Knowledge Storing and Accessing Layer

RDF Stores

RDF Stores are database systems specifically created to store triples (Subject, Predicate, Object)
Built specifically for “data volume, bulk loading speed and query answering efficiencies”
There are many database techniques that can be used to implement a RDF Store:

Relational databases
Native triple stores
Graph Databases
NoSQL
Etc.

What is the difference between RDF Stores and NoSQL databases?

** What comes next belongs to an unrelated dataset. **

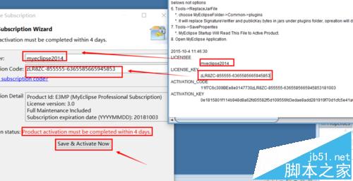 4、打开 MyEclipse,MyEclipse‐-->Subscription Information,把上面生成的,LICENSEE 复制到 Subscripter 中,LICENSE_KEY 复制到 Subscriptioncode 中。点击Save& Activate Now 按钮。

NoSQL are popular for storing RDF data, however they lack some benefits of RDF Stores
NoSQL databases are built for very lightweight schemas, RDF Stores can handle both light and heavier schemas
RDF Stores are based on W3C standards and built for using the web as a platform

10 of 14

Knowledge Storing and Accessing Layer

Property Graph-Based Stores

A property graph is simply a graph where nodes and edges can have multiple properties
Can be used to store RDF graphs
Similarly RDF graphs can be made to store property graphs
Representing (schemaless) RDF graphs in property graphs:

Properties of edges must be labels
Properties of nodes expressed as triples with {subject, key, value}

11 of 14

Knowledge Storing and Accessing Layer

Comparison

OBDA

Lightweight, doesn’t require creating new data structures
May not be suited for data intensive tasks

Relational Databases

Schema requirement means system always knows the structure of the graph
Hard to change or add to schema after it has been defined
Expensive joins when exploring large parts of graph

RDF Stores / Property Graph

Schemaless means easy to add new properties / change the schema
Cheap exploration of graph

12 of 14

Knowledge Consumption Layer

Semantic Search

Traditional search

Indexing documents
Query documents

Semantic search

Extends traditional search, but provides additional benefits
During indexing it can disambiguate entities
During search it can use help disambiguate user queries

Did you mean “Apple (Company)” or “Apple (Fruit)”?

13 of 14

Knowledge Consumption Layer

Summarization

Knowledge graphs can be summarized to give an overview of the information they contain
Entity summary

Summary of single entity in graph
Entity card

Graph summary

Summary of whole or part of graph

Goal-driven Graph Profiling

Custom summary of nodes relevant to some task

Graph Analytics

Finding interesting patterns in the graph

14 of 14

Knowledge Consumption Layer

Query Generation and Answering

Query generation

Users aren’t always familiar with the graph and/or tools they are using
Help users create the queries they want by helping the user understand the content/structure of the graph

Query answering

Traditional IR systems only return lists of documents as answers to query
Using a knowledge graph we can more directly answer a user query
“How old is Tim Cook?”

Traditional IR: Here is a list of documents containing the text “How old is Tim Cook”
With knowledge graph: “Tim Cook is 42 years old”